You’re still not going to be blown away by the speed of these mid-tier, <64GB models. In terms of getting through a simple problem, like investigating a test failure or updating docs, they’re simply not as fast as the latest Claude models. But they do have pretty incredible performance nonetheless and, for me, they have now crossed the point where they are fast enough and good enough to be used for serious development.

Getting started on your own computer

You’ll need at least 32GB of RAM, and probably 64GB. As far as I know, the steps work cross-platform though the exact commands will vary (the below commands are for MacOS.)

Download Ollama, which is an open model serving and management tool. On the command line, run

curl -fsSL https://ollama.com/install.sh | sh

Download the OpenAI Codex CLI.

brew install codex

You can also use Claude Code CLI but I found Codex worked slightly better with open models (I have no firm evidence for this, it’s just based on experience.)

Next, run Ollama in your terminal and use it to download Qwen3.5:35B

ollama run qwen3.5:35b

This will start an automatic download of the full model then launch a chat when it’s finished.
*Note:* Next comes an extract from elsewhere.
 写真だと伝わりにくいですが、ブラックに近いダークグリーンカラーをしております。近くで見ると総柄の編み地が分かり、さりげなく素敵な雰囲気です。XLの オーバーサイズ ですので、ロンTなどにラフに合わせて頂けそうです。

Quit that, then run ollama on your command line. You’ll be given a bunch of options for CLIs. Use the down arrows to get to “Launch Codex” then use the right arrow to switch models. Select qwen3.5:35B and you will see Codex CLI launch with your local model!

Now, when you issue a task, you’ll find that the LLM starts using tools to complete that task. All running in your own laptop. Incredible!